> _Data section_:
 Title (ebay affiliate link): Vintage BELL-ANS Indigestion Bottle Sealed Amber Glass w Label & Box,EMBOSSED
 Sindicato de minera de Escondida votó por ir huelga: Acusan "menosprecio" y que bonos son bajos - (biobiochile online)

==

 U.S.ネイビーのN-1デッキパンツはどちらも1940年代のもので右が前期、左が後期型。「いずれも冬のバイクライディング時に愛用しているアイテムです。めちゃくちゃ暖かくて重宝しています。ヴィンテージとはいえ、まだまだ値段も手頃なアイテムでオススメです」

> _What this task involves_: In the listing above, find the line with "Title (ebay affiliate" and the line with "Sindicato de minera", then reproduce both and every line between them exactly.

> _Task result_:
 Title (ebay affiliate link): Vintage BELL-ANS Indigestion Bottle Sealed Amber Glass w Label & Box,EMBOSSED
 Sindicato de minera de Escondida votó por ir huelga: Acusan "menosprecio" y que bonos son bajos - (biobiochile online)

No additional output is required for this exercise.